TASK INPUT>
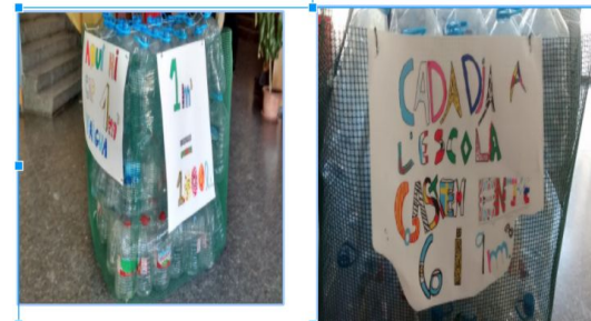
Visualitzar el que gastem
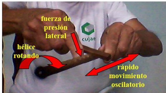
Figura 2. El profesor hace girar la hélice.

Al friccionar la varilla sobre el cuerpo de la hélice ( F_1 ), se produce un movimiento oscilatorio influenciado por la periodicidad de las ranuras. Si con la mano que mueve la varilla se ejerce una fuerza ( F_2 ) en uno de los bordes del cuerpo, se introduce una componente oscilante de fase diferente en otra dirección, lo que origina un movimiento rotatorio del eje de la hélice. En dependencia del sentido en que se aplique el dedo, la hélice girará en un sentido u otro.
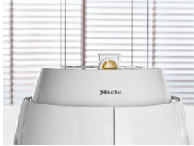
Foto 3: Le fragranze SummerGarden, FrenchBakery e MintyFields, disponibili solo da Miele, garantiscono una profumata esperienza sensoriale (AmbientFragrance). I flaconi con essenze profumate rinfrescano la cucina per un totale di 150 ore e vengono inseriti nella cappa dall'alto. Con l'app Miele@mobile è possibile impostare individualmente gli intervalli e i tempi desiderati.
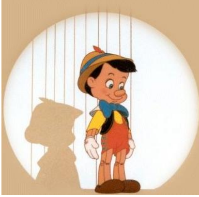
Şekil 1 Pinokyo
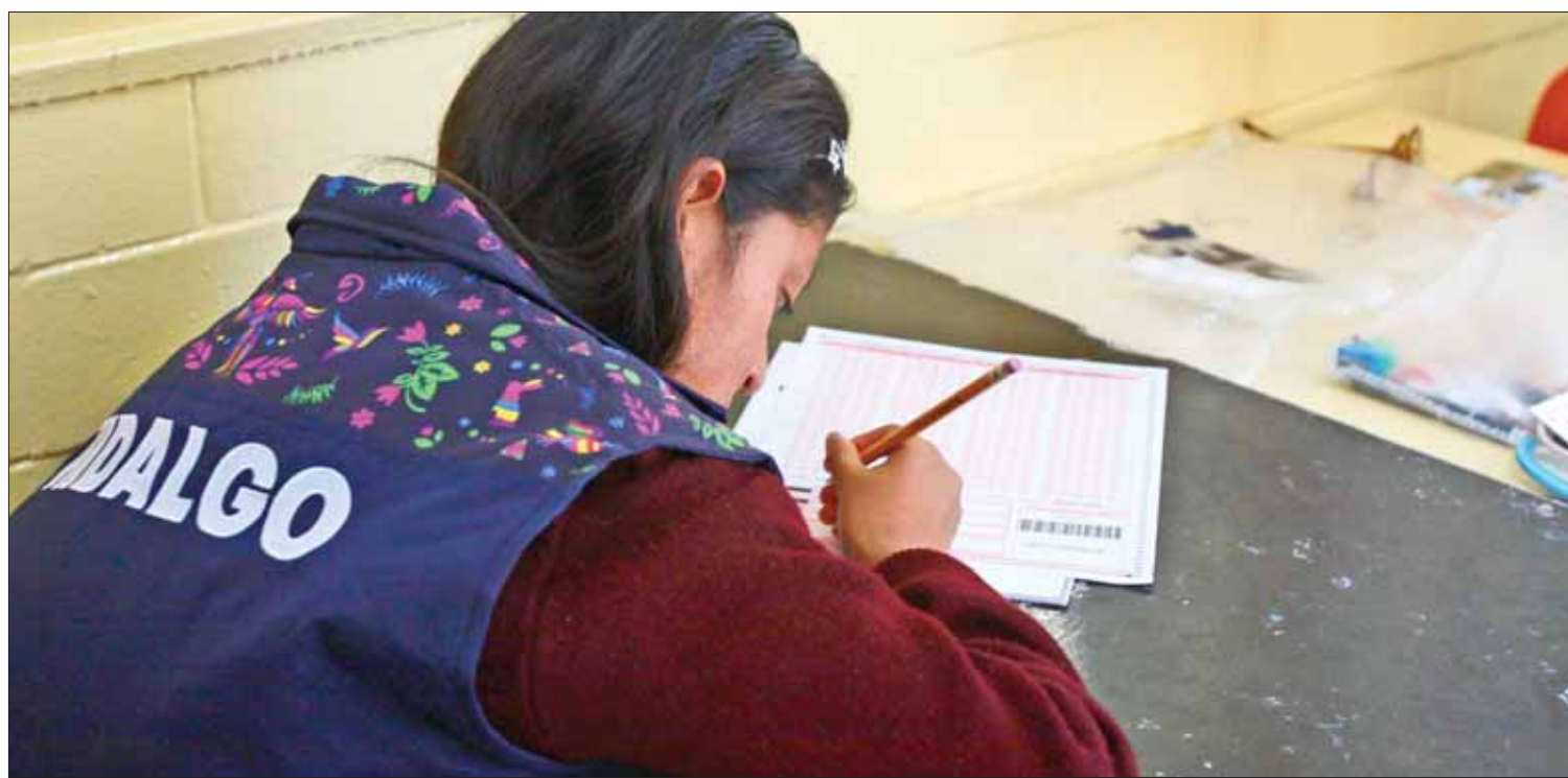
FÓRMULAS. Habrá dos etapas para conformar la representación hidalguense que acudirá a dicho encuentro, precisó la SEPH.

Ante cualquier situación que se presente en salud debe acudir de forma inmediata a las clínicas y hospitales de la Secretaría de Salud para ser atendidos de manera oportuna.
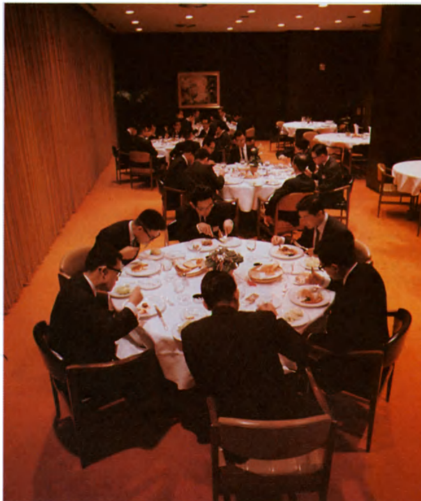
Un grupo de hombres reunidos en un restaurante japonés. A causa de sus compromisos de negocios, los padres japoneses suelen estar ausentes de la mesa familiar más a menudo que en el pasado.

En los últimos años esta evolución se ha acelerado como resultado del aumento del número de empleos y de la consiguiente movilidad. Este proceso se inició sobre todo entre los jóvenes trabajadores rurales, que se marchaban hacia los centros industrializados. Más tarde, numerosos jefes de familias rurales se emplearon temporalmente en centros urbanos en rápida expansión, dejando la tierra al cuidado de la esposa y de los hijos; los empleos transitorios no tardaron en convertirse en permanentes. De este modo, es común que un jefe de familia esté ausente de su casa la mayor parte del año. Estos cambios no afectan sólo a los trabajadores manuales; la expansión económica exige cada vez más el traslado de profe-
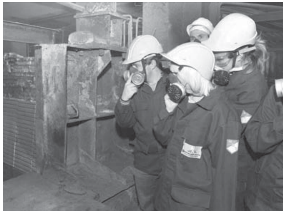
Объем ванны печи поразил студентов

точно трудоемкий процесс – сам запуск печи. Около трех дней уходит на то, чтобы привести ее в стандартный рабочий режим.
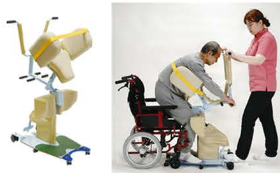
スリングシート不要の手動リフト ● ささえ手
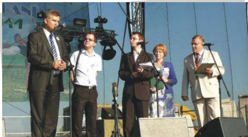
Wystąpienie burmistrza Kawadarci podczas otwarcia „Kasztelanii”
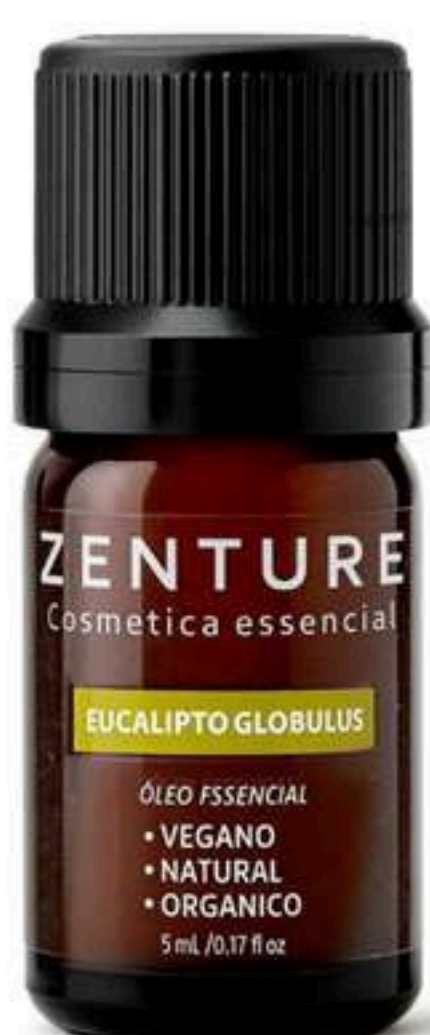
Óleo Essencial Eucalipto Globulus 5ml
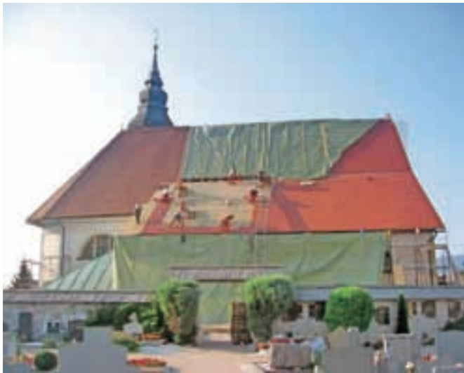
Cerkev v Lescah bo imela že do konca avgusta novo streho.
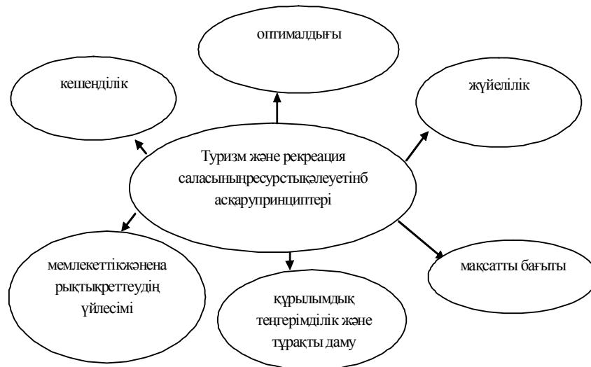
Сурет 1. Туризм және рекреация саласының ресурстық әлеуетін басқару принциптері

Іс жүзінде әрбір туристік аймақ әр түрлі дәрежеде туризм және рекреация саласында ресурстық потенциалға ие. Яғни, оның дербес басқару объектісі ретінде бөлінетін әлеует ретінде ресурстық ресурстарын тиімді басқару шартында ғана жүзеге асады. Туризм және рекреация саласының ресурстық әлеуетін басқару объектінің ерекшелігіне байланысты басқарудың жалпы принциптеріне ғана емес, сонымен қатар 1-суретте көрсетілген принциптерге де негізделеді.

WORK TO BE COMPLETED> Without the pictures, give all the records above again exactly.

RESULT>
Visualitzar el que gastem
Figura 2. El profesor hace girar la hélice.

Al friccionar la varilla sobre el cuerpo de la hélice ( F_1 ), se produce un movimiento oscilatorio influenciado por la periodicidad de las ranuras. Si con la mano que mueve la varilla se ejerce una fuerza ( F_2 ) en uno de los bordes del cuerpo, se introduce una componente oscilante de fase diferente en otra dirección, lo que origina un movimiento rotatorio del eje de la hélice. En dependencia del sentido en que se aplique el dedo, la hélice girará en un sentido u otro.
Foto 3: Le fragranze SummerGarden, FrenchBakery e MintyFields, disponibili solo da Miele, garantiscono una profumata esperienza sensoriale (AmbientFragrance). I flaconi con essenze profumate rinfrescano la cucina per un totale di 150 ore e vengono inseriti nella cappa dall'alto. Con l'app Miele@mobile è possibile impostare individualmente gli intervalli e i tempi desiderati.
Şekil 1 Pinokyo
FÓRMULAS. Habrá dos etapas para conformar la representación hidalguense que acudirá a dicho encuentro, precisó la SEPH.

Ante cualquier situación que se presente en salud debe acudir de forma inmediata a las clínicas y hospitales de la Secretaría de Salud para ser atendidos de manera oportuna.
Un grupo de hombres reunidos en un restaurante japonés. A causa de sus compromisos de negocios, los padres japoneses suelen estar ausentes de la mesa familiar más a menudo que en el pasado.

En los últimos años esta evolución se ha acelerado como resultado del aumento del número de empleos y de la consiguiente movilidad. Este proceso se inició sobre todo entre los jóvenes trabajadores rurales, que se marchaban hacia los centros industrializados. Más tarde, numerosos jefes de familias rurales se emplearon temporalmente en centros urbanos en rápida expansión, dejando la tierra al cuidado de la esposa y de los hijos; los empleos transitorios no tardaron en convertirse en permanentes. De este modo, es común que un jefe de familia esté ausente de su casa la mayor parte del año. Estos cambios no afectan sólo a los trabajadores manuales; la expansión económica exige cada vez más el traslado de profe-
Объем ванны печи поразил студентов

точно трудоемкий процесс – сам запуск печи. Около трех дней уходит на то, чтобы привести ее в стандартный рабочий режим.
スリングシート不要の手動リフト ● ささえ手
Wystąpienie burmistrza Kawadarci podczas otwarcia „Kasztelanii”
Óleo Essencial Eucalipto Globulus 5ml
Cerkev v Lescah bo imela že do konca avgusta novo streho.
Сурет 1. Туризм және рекреация саласының ресурстық әлеуетін басқару принциптері

Іс жүзінде әрбір туристік аймақ әр түрлі дәрежеде туризм және рекреация саласында ресурстық потенциалға ие. Яғни, оның дербес басқару объектісі ретінде бөлінетін әлеует ретінде ресурстық ресурстарын тиімді басқару шартында ғана жүзеге асады. Туризм және рекреация саласының ресурстық әлеуетін басқару объектінің ерекшелігіне байланысты басқарудың жалпы принциптеріне ғана емес, сонымен қатар 1-суретте көрсетілген принциптерге де негізделеді.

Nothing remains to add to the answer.